En effet ,en droit libéral, la volonté de l’individu peut être créatrice ou source de l’accès au droit (privé), c’est ce qui se passe dans tout contrat formel par exemple. Dans la mesure où c’est la volonté de la mère seule qui fait qu’un enfant mort est reconnu comme tel socialement, c’est cette volonté qui fonde cette inscription et rien d’autre et cela ne me choque pas plus que le fait de droit (chez nous) qui veut que ce soit la seule volonté des époux qui constitue l’accès au droits et au devoirs constitutifs du mariage.

Le droit se décrète politiquement et ne s’impose pas par nature ou par commandement divin. Il est un acte humain de souveraineté. Cela vaut, chez nous, pour le droit d’une femme d’avoir un enfant désiré et non pas imposé, de même que pour son droit de refuser un mariage forcé ou arrangé. La liberté de la femme est au prix de ce droit.

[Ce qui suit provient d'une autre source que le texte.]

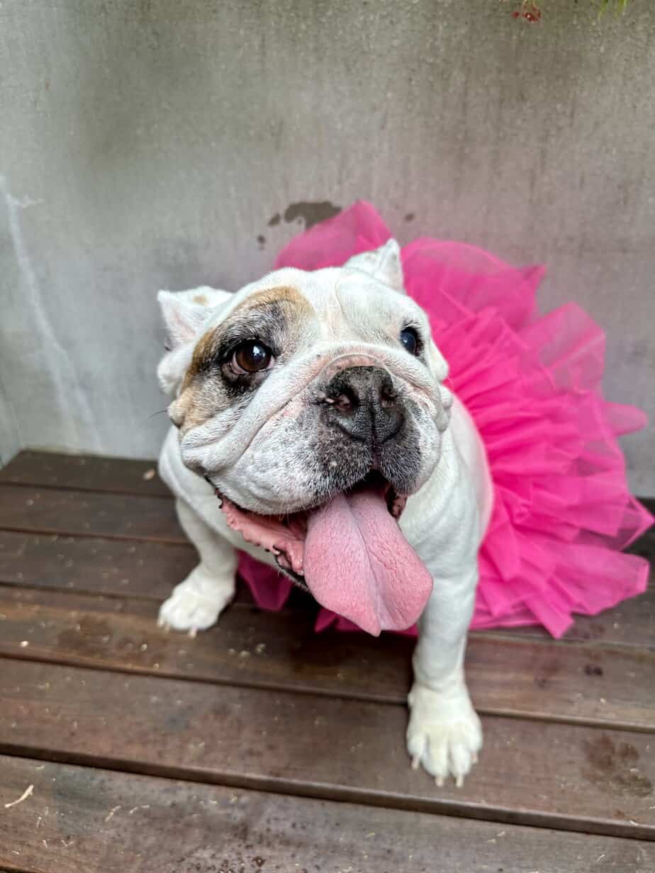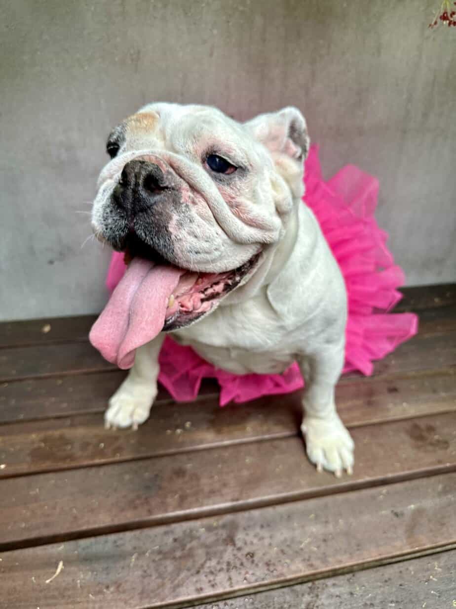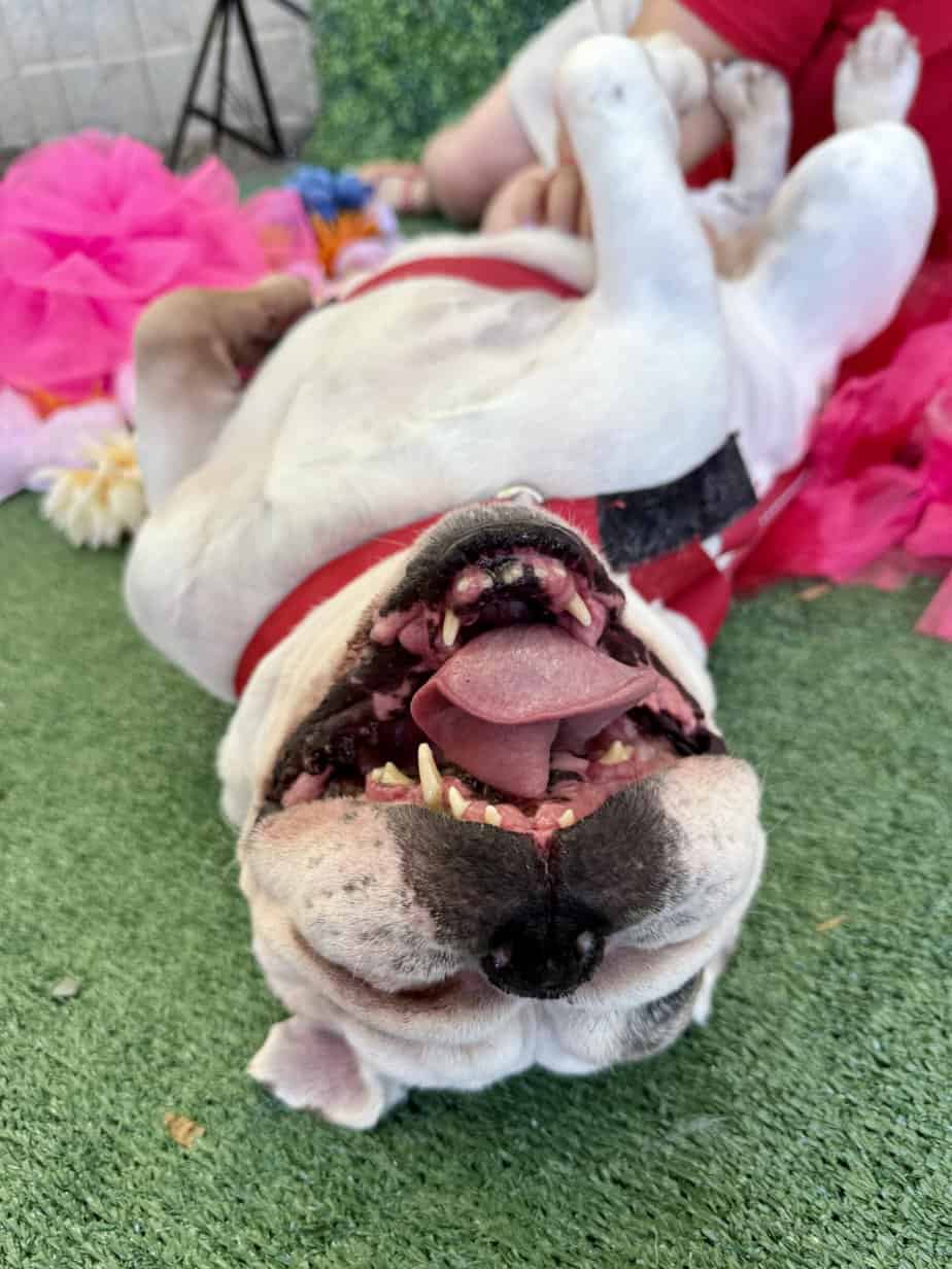 8/8/24 – Rosebud had surgery today and all went well. She was spayed, has the large mass removed from her vulva, had a mass removed from her back, she had her cherry eye tacked down, her palate shortened, her nares widened her teeth cleaned and four decaying teeth extracted.

Enfin, ce n'est pas la mère ou son désir qui confère le statut de personnalité juridique au foetus puisque celui-ci n’en a justement aucune en droit, l’inscription sur le livret de famille du foetus mort comme enfant décédé ne délivre en rien ce statut. Le désir de la mère intervient pour faire que le foetus mort soit inscrit comme enfant mort et non pas comme personnalité juridique ; ce qui n’aurait pas grand sens puisqu’il est mort. La CC a très bien fait la distinction: seul un enfant né vivant donc séparé (séparable en tant que vivant) du corps de la mère peut (doit) obtenir la personnalité juridique et être considéré comme sujet de droit. L’inscription vaut donc comme droit de la mère et non pas de l’enfant, sinon elle aurait été rendue obligatoire, ce qui n’est justement pas le cas. Cette inscription participe pour la mère qui a perdu l’enfant vivant qu’elle attendait et à sa demande expresse de son propre travail de deuil, ce qui lui était jusqu’alors interdit. Il s’agit donc de l’extension de la liberté de la mère et non d’un quelconque prétendu droit du foetus.